The first step was to update the trainer to be able to select entries randomly, with 0.5 probability. This is to be compared with the normal procedure, which is to select the even entries. Then we chose a particular channel for the variability study, tqb muon, combining 1 and >1 tags, and created 99 independent pairs of decision trees to separate the tqb data from the background sources wbb and lepjets.
Each tree is characterized by the efficiency plot: for a given cut on signal efficiency, what is the background contamination? The following plots show all 198 trees.
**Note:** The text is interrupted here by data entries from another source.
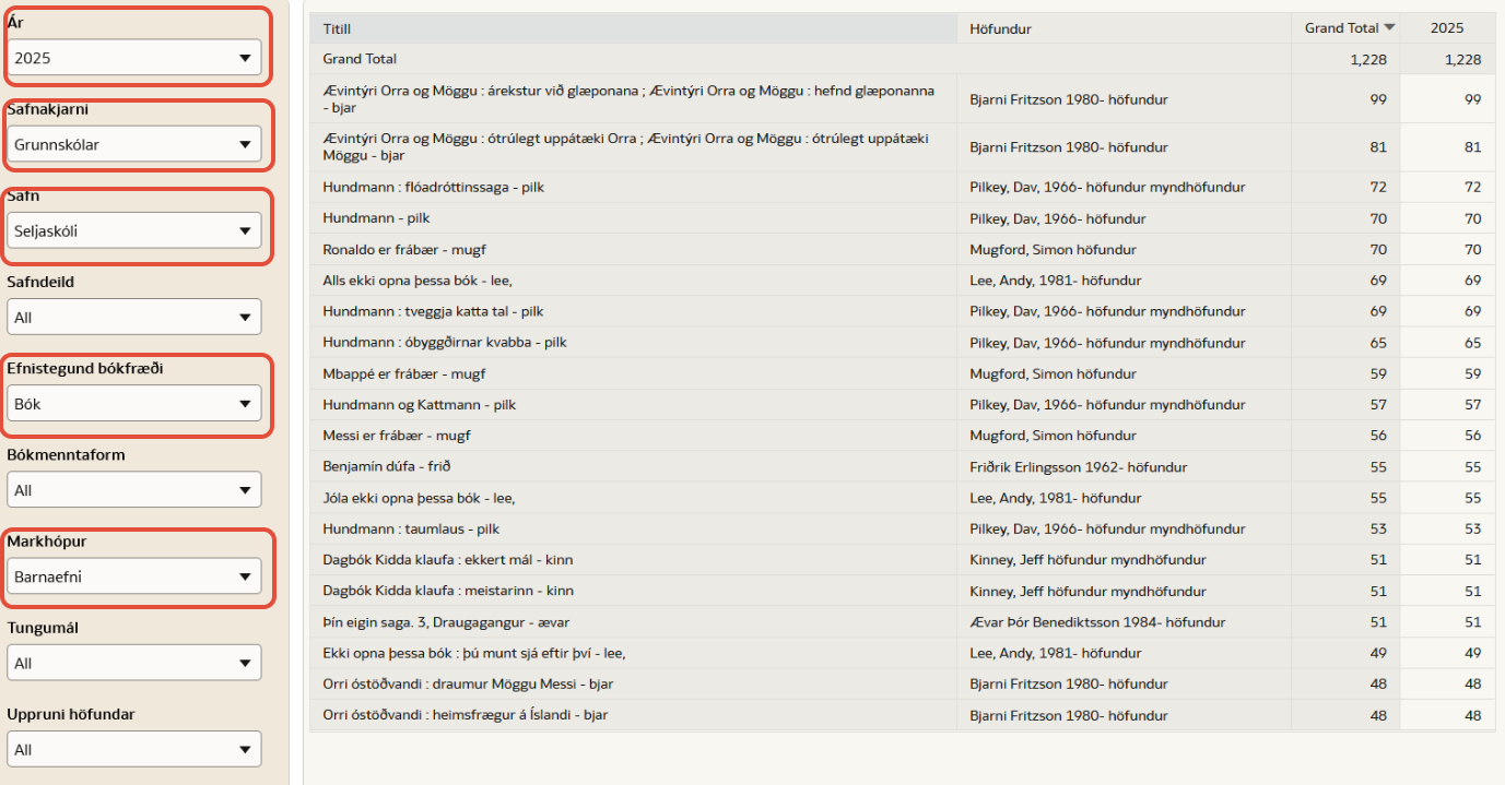 Myndin hér fyrir neðan sýnir útlán fyrir vinsælustu barnabækurnar í Seljaskóla árið 2025. Til að fá þær niðurstöður hef ég valið breytur úr fellilistunum „Ár“, „Safn“, „Efnistegund bókfræði“ og „Markhópur“.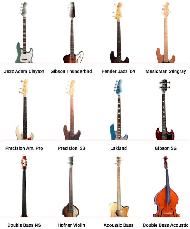 Bassi target: Jazz Adam Clayton, Gibson Thunderbird, Fender Jazz '64, MusicMan Stingray, Fender Prescision Am. Pro, Fender Precision '58, Lakland, Gibson SG, Double Bass NS, Hofner Violin, Acoustic Bass, Double Bass Acoustic.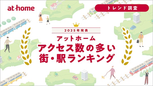 不動産情報サービスのアットホーム株式会社(本社:東京都大田区 代表取締役社長:鶴森 康史 以下、アットホーム)は、「不動産情報サイト アットホーム」でアクセス数の多い街・駅をまとめた「2025年発表!アットホーム アクセス数の多い街・駅ランキング」の第1弾を公開いたしました。それに伴い、ランキング結果の一部をお知らせいたします。また、今後はエリアごとに順次ランキングを公開いたしますので、ぜひご注目ください。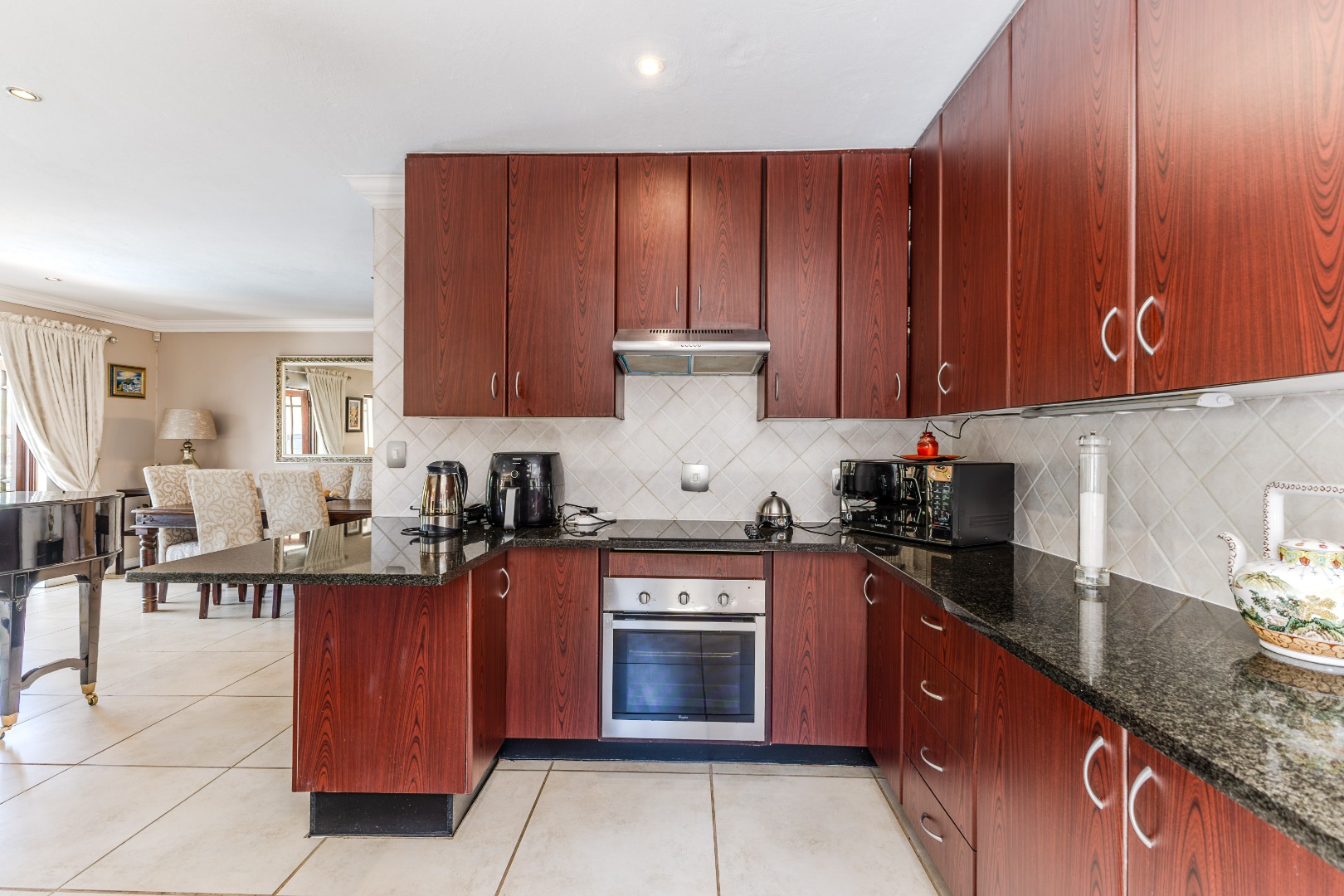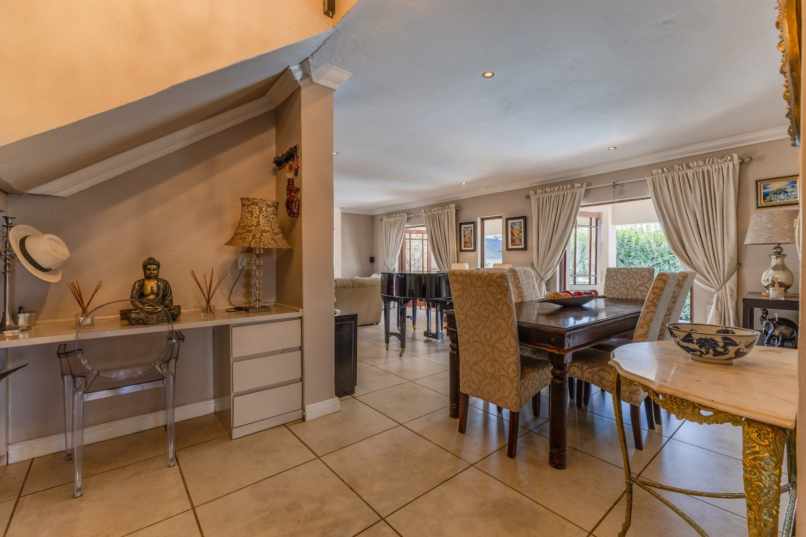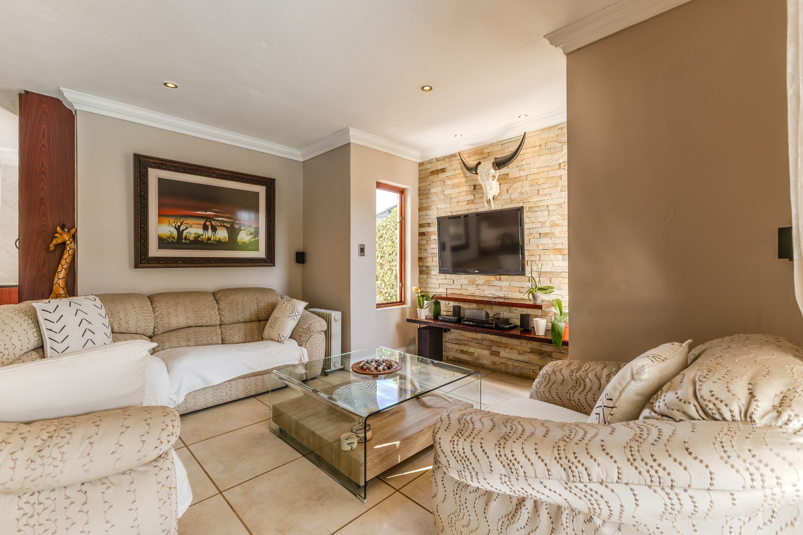 A standout feature is the detached outside building, complete with its own en-suite bedroom and a sizeable storeroom, offering endless potential – ideal as a flatlet, office, or creative studio. With three garages, ample driveway space, a solar power system, and refined finishes throughout, this home is as practical as it is impressive. Stylish, flexible, and packed with lifestyle perks – this is where your next chapter begins.

The full distribution is on the left, with a histogram of the background variation for a cut at 0.7 on the right. The discrete nature of our DT filters is apparent. As is known, the wbb separation is harder, and apparently the fluctuations slightly larger, than for lepjets.
Then the 99 pairs of trees were used to make 99 2-d likelihood histograms in the usual way, and each histogram analyzed to obtain expected (from the MC data only) and actual (from the actual data) limits. The distributions for expected, expected with systematics, and actual with systematics are shown next.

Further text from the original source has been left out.